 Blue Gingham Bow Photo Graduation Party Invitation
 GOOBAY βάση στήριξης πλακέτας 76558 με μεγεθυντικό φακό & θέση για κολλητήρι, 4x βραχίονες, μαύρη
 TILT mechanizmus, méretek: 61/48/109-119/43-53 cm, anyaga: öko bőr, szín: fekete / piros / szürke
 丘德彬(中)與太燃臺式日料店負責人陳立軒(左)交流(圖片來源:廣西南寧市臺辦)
########
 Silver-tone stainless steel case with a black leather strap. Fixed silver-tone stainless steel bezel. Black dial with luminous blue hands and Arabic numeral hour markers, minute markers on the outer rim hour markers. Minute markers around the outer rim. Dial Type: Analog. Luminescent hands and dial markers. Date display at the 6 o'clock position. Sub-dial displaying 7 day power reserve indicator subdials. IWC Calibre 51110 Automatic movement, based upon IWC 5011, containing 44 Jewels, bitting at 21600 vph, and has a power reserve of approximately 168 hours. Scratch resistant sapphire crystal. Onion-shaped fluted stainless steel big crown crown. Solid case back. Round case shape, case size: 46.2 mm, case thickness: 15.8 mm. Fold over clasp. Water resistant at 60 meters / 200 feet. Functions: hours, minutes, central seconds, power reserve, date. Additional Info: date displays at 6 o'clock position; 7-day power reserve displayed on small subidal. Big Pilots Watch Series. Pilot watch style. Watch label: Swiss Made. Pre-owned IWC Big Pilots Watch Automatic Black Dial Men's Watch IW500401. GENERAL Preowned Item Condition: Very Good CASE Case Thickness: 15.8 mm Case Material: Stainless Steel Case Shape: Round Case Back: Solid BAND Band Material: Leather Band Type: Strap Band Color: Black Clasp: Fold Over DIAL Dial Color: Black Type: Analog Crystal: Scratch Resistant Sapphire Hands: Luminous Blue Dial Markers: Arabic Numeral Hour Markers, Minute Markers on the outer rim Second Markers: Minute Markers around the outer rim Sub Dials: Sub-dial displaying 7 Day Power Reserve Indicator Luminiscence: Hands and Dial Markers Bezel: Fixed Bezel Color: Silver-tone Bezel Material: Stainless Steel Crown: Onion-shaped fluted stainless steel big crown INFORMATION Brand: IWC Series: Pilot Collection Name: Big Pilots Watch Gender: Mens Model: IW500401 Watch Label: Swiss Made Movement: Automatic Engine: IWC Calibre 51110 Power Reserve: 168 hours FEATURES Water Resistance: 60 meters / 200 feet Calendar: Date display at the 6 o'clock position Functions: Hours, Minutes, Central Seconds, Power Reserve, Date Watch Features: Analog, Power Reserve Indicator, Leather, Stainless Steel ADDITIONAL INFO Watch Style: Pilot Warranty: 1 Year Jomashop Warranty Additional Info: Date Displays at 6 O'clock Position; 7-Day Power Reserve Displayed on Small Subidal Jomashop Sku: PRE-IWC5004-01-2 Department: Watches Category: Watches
########
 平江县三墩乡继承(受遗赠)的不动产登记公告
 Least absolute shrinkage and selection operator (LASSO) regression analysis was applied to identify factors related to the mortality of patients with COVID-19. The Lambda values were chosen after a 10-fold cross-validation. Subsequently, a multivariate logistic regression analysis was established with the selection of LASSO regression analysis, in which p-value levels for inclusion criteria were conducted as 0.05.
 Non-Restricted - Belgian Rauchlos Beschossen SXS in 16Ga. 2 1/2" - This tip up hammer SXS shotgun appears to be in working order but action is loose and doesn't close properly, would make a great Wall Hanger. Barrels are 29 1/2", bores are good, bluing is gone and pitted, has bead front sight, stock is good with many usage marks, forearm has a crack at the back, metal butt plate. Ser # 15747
########
Aim of the exercise:
Among the records above, a stretch begins at the line containing "Blue Gingham Bow" and ends at the line containing "丘德彬(中)與太燃臺式日料店負責人陳立軒(左)交流(圖片來源:廣西南寧市臺辦)". Restate that stretch word for word, and nothing else.

Task output:
 Blue Gingham Bow Photo Graduation Party Invitation
 GOOBAY βάση στήριξης πλακέτας 76558 με μεγεθυντικό φακό & θέση για κολλητήρι, 4x βραχίονες, μαύρη
 TILT mechanizmus, méretek: 61/48/109-119/43-53 cm, anyaga: öko bőr, szín: fekete / piros / szürke
 丘德彬(中)與太燃臺式日料店負責人陳立軒(左)交流(圖片來源:廣西南寧市臺辦)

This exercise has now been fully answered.